La salute in carcere prima del Covid-19
Con il Dpcm del 1 aprile 2008 si è cercato di attuare il passaggio di competenza sanitaria dal Ministero della Giustizia al Sistema Sanitario Nazionale. La situazione registrata dopo dieci anni si è rivelata complessa. Nel 2019 c’era un solo medico di base in ogni carcere per ogni 315 detenuti, per un totale di 1.000 medici di base e di guardia nei circa 200 istituti di pena italiani. Troppo pochi per garantire un servizio adeguato. Il 70% dei medici è precario. Ovviamente, il numero varia da carcere a carcere a seconda della capienza della struttura, ma in media come si è detto è presente un medico ogni 315 detenuti. In alcune realtà manca addirittura il medico di base (Ansa, 2019).
L’esperienza della detenzione è già di per sé un rischio per la salute, per le condizioni degradate di strutture, celle e spazi comuni, per il sovraffollamento e l’elevato turn over delle persone detenute e quindi per il maggiore rischio di contrarre malattie infettive. Occorre tener presente che le condizioni di vita negli istituti di detenzione, particolarmente inadeguate per affrontare una crisi pandemica di questa portata, possono agire come fattori altamente stressanti e aggravare una situazione già critica a causa dell’isolamento forzato in un contesto di coabitazione altrettanto forzata (A. Camposeragna, 2020).

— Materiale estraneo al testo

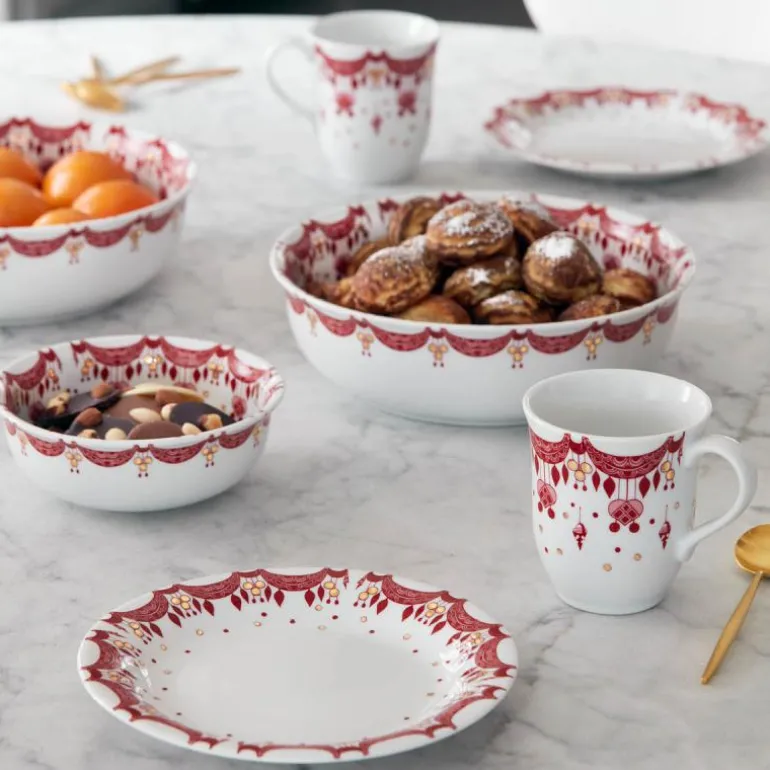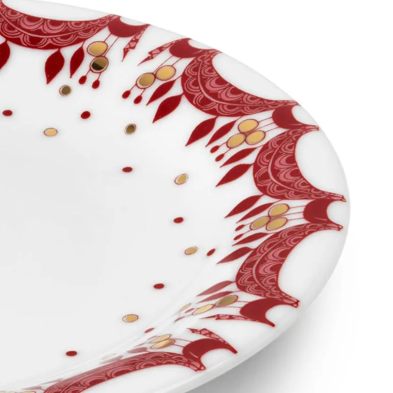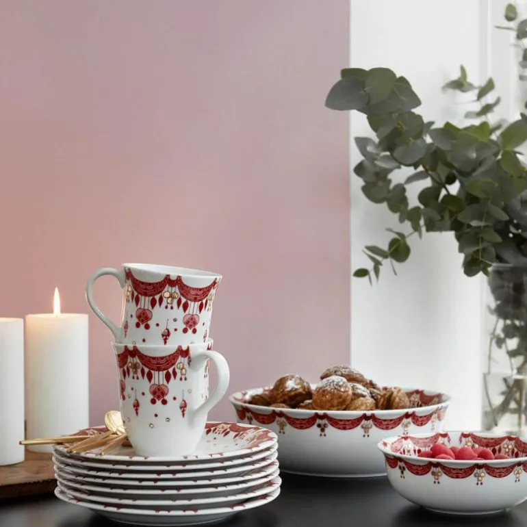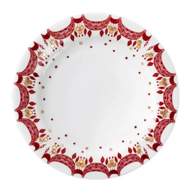 Denne tallerkenen er dekorert med håndapplikerte julemotiver i den klassiske julerøde fargen, og med ekte gull. Dette gjør det enkelt å kombinere den med andre serviser. Den skaper en stemningsfull atmosfære på det åpne kjøkkenet når den ikke er i bruk.

Un altro elemento da sottolineare: l’età avanzata della popolazione carceraria, più suscettibile quindi alle complicazioni e al rischio di morte da Covid-19.
Tra i detenuti è maggiore:
- la prevalenza di Hiv, Hcv, Hbv e tubercolosi rispetto alla popolazione libera, principalmente a causa della criminalizzazione dell’uso della droga e la detenzione di persone che ne fanno uso (la prevalenza di infezione da Hiv tra i detenuti è del 4,8%, contro lo 0,2% della popolazione in generale; l’incidenza della tubercolosi è maggiore di 23 volte rispetto a quella della popolazione in generale);
- la probabilità di contrarre patologie anche negli individui sani.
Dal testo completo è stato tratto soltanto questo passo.